И мы пошли. Сначала – по сырой, шуршащей под нашими ногами траве на верхушку Бараньей горы, названной так, видимо, потому что она, крутая, обрывистая, не очень-то охотно позволяет взобраться на себя, так сказать, по-бараньи упрямая, – хотя не уверен, правильно ли баранов называют упрямыми животными. Местами она так отвесна, что приходится карабкаться. Дедушка согнулся и потихоньку, слегка прихрамывая, шагал по круче.
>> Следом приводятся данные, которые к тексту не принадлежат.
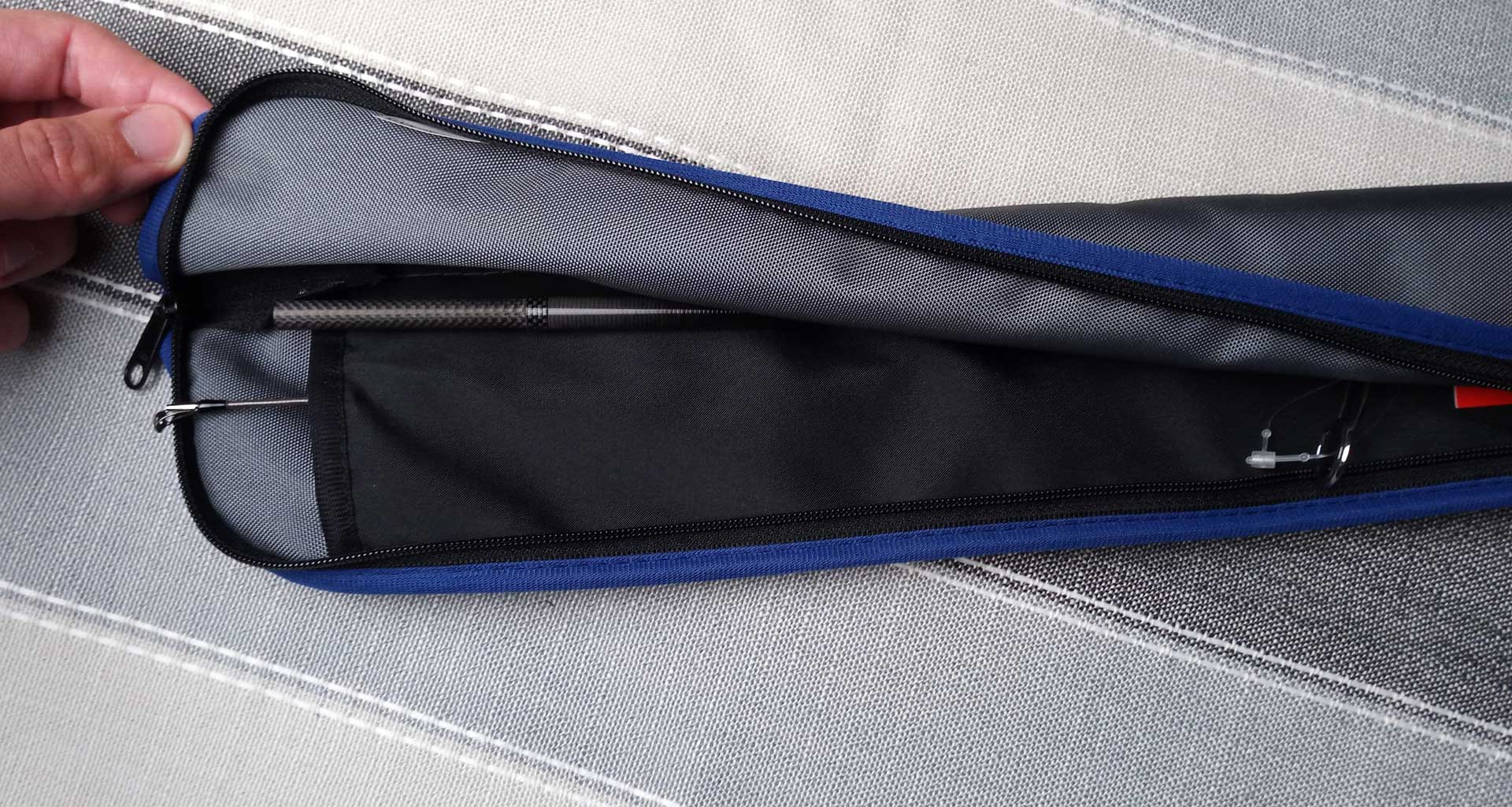 Внутри чехла имеется чуть более короткий кармашек. В нем живет верхнее колено спиннинга. Нижнее живет в основном — большом — отделе. Чехол точно подходит под длину данной модели спиннинга — лишь на пару сантиметров подлиннее.

А я молодечествовал: то с подскоками взбегал, то высматривал отвес опаснее и почти что полз по выбоинам в суровом скальнике, то хватался за куст, рывком выбрасывал себя вперед, брался за другую зеленую прядь, и таким способом убегал далеко вперед. Дедушка же находился в отдалении, еще внизу, ступал ровно, без порывов, не разгибаясь. Мне хотелось крикнуть: 'Дедушка, давай- ка догоняй меня! Что отстаешь?'
Однако, задор мой иссяк к середине 'лба'. Я стал часто останавливаться, потом приседать, но за кустом, чтобы дедушка не подумал, что я слабый. Сердце, представлялось, вырывалось из груди, чтобы, наверное, скатиться вниз, под гору: хватит, больше не могу, иди без меня! А дедушка – все ближе, ближе. Я посвистываю, притворяюсь, что мне легко взбираться, прутом вспугиваю бабочек. Иногда мне становится страшновато: вдруг дедушка обгонит меня – какой будет позор! Он чему-то улыбается маленькими морщинками у губ. Догнал меня.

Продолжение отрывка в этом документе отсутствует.